Le chef rebelle congolais Ntaganda comparaîtra mardi devant la CPI

© AFP

Vidéo par Stéphanie MAUPAS

Texte par FRANCE 24

Dernière modification : 23/03/2013

Recherché pour crimes contre l'humanité, l'ancien général congolais Bosco Ntaganda, surnommé "le Terminator", est arrivé vendredi soir au centre de détention de la CPI. Sa première comparution à la Haye a été fixée à mardi matin.

Le chef rebelle de la République démocratique du Congo (RDC) Bosco Ntaganda, qui était réfugié depuis lundi à l'ambassade américaine de Kigali, est arrivé vendredi soir au centre de détention de la Cour pénale internationale (CPI).

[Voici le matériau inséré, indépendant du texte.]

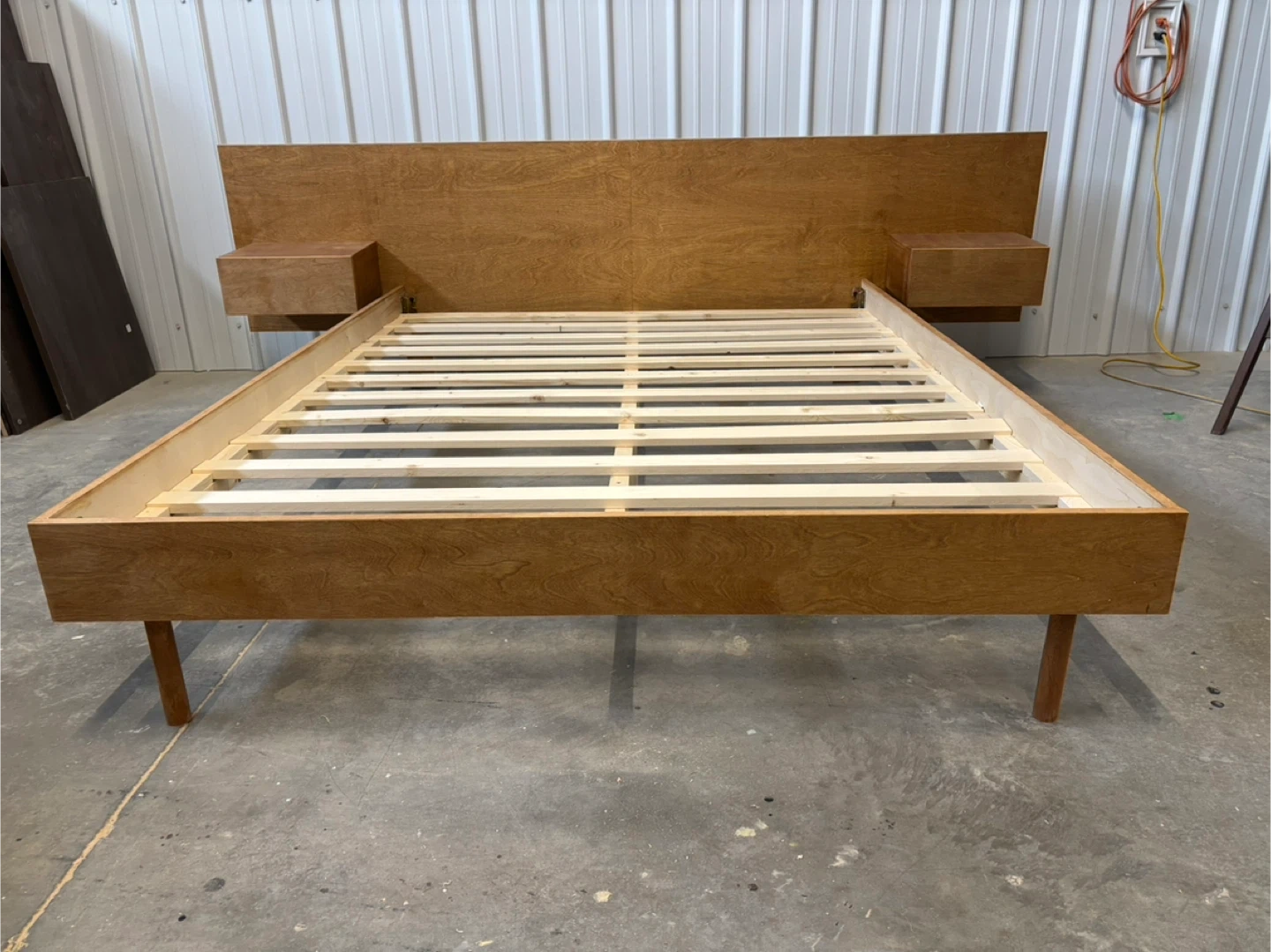 Brand new queen sized mid century style low profile bed frame. This bed frame feature a low profile modern design with an oversized headboard with integrated nightstands. The bed frame features birch veneers finished in a chestnut colour. No box spring required. It’s brand new and in great condition.
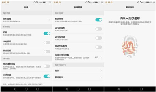 兩款手機均支持指紋識別,首先我們先來看看華為P9:從指紋功能設置頁中能看到,在相機取景模式下,長按指紋感應器可進行快門拍攝(約0.5秒);在來電時可長按傳感器進行接聽;在鬧鈴響時可長按傳感器停止鬧鐘。
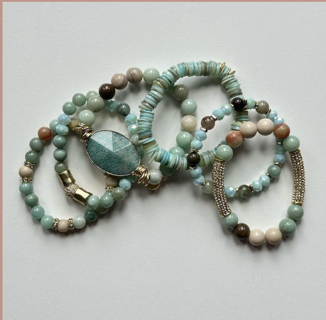If elegance had a signature stack, Etherea would be it. This dreamy six-piece bracelet set blends the serene beauty of Amazonite stones with glistening crystal beads, all kissed with touches of gold and pavé crystal for a look that’s effortlessly luxe. Soft, ethereal hues meet just the right amount of sparkle, making this stack a go-to for everything from casual coffee dates to nights that call for a little extra magic.

Recherché pour crimes de guerre et crimes contre l'humanité, "Bosco Ntaganda est arrivé au quartier pénitentiaire de la CPI", a sobrement indiqué la CPI sur son compte Twitter officiel. Peu de temps auparavant, l'accusé avait atterri à l'aéroport de Rotterdam, à environ 25 kilomètres du centre de détention, situé dans le quartier balnéaire de La Haye, Scheveningen.

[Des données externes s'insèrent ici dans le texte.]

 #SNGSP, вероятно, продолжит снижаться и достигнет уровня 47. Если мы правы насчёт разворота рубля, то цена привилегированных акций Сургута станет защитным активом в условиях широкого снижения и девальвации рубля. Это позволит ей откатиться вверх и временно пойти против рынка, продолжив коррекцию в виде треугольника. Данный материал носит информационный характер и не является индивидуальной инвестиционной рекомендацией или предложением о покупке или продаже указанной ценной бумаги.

"Terminator" accusé de viols, meurtres, enrôlement d'enfants-soldats...

Sa première comparution a été fixée à mardi matin. Les juges vérifieront alors l'identité du suspect, l'informeront des crimes qui lui sont imputés et des droits que lui reconnaît le Statut de Rome, traité fondateur de la CPI.

Celui que l'on surnomme "Terminator" est notamment accusé par la CPI de viols, meurtres, pillages et enrôlements d'enfants-soldats entre septembre 2002 et septembre 2003 dans la région de Ituri, située au nord-est de la République démocratique du Congo.

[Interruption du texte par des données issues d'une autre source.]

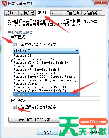 3、勾选“以兼容模式运行这个程序”并展开选择此程序兼容的windows操作系统,接着勾选“以管理员身份运行此程序”,点击保存即可。
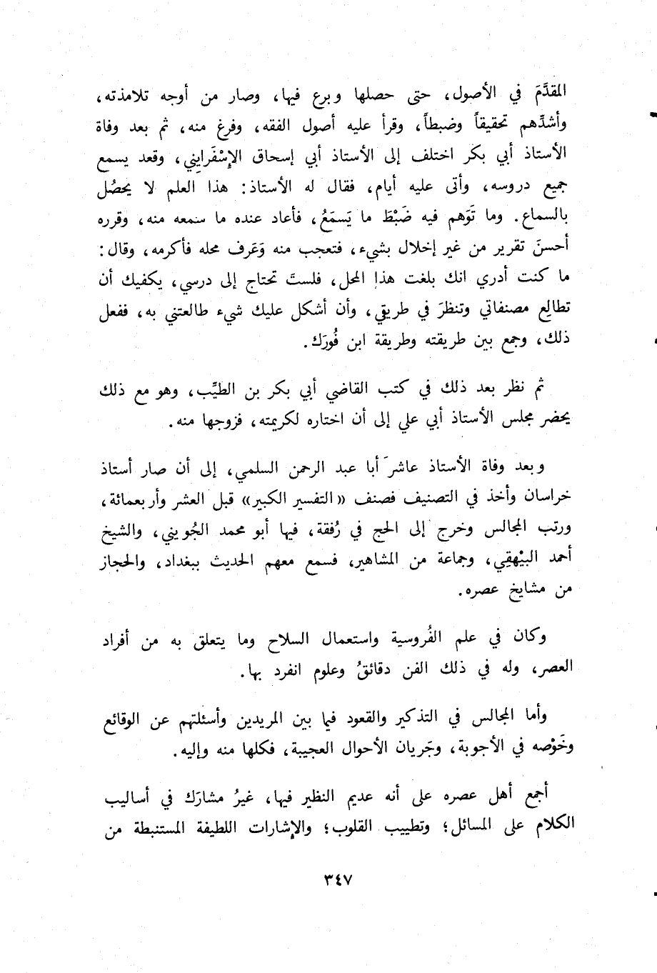 المقدّم في الأصول، حتى حصلها وبرع فيها، وصار من أوجه تلامذته، وأشدّهم تحقيقا وضبطا، وقرأ عليه أصول الفقه، وفرغ منه، ثم بعد وفاة الأستاذ أبي بكر اختلف إلى الأستاذ أبي إسحاق الإسفرايني، وقعد يسمع جميع دروسه، وأتى عليه أيام، فقال له الأستاذ: هذا العلم لا يحصل بالسماع. وما توهم فيه ضبط ما يسمع، فأعاد عنده ما سمعه منه، وقرره أحسن تقرير من غير إخلال بشيء، فتعجب منه وعرف محله فأكرمه، وقال:

Bosco Ntaganda a commandé l'une des factions du mouvement insurgé M23, qui a menacé à la fin de l'année dernière de marcher sur Kinshasa après avoir pris la ville de Goma, dans l'est de la République démocratique du Congo.

Une reddition surprise

Contre toute attente, Bosco Ntaganda s'est spontanément présenté lundi dernier à l'ambassade américaine au Rwanda et a, selon Washington, demandé à être envoyé devant la CPI. La "reddition" du général a soulevé de nombreuses questions.

Selon Carina Tertsakian, de Human Rights Watch, l’ex-général a peut-être été "lâché" par Kigali. Il était utile "tant qu'il était à la tête de groupes armés qui servaient les intérêts économiques, politiques, militaires du Rwanda au Congo", dit-elle. Mais privé de pouvoir, et sous le coup de mandats d'arrêt, il ne l'est plus.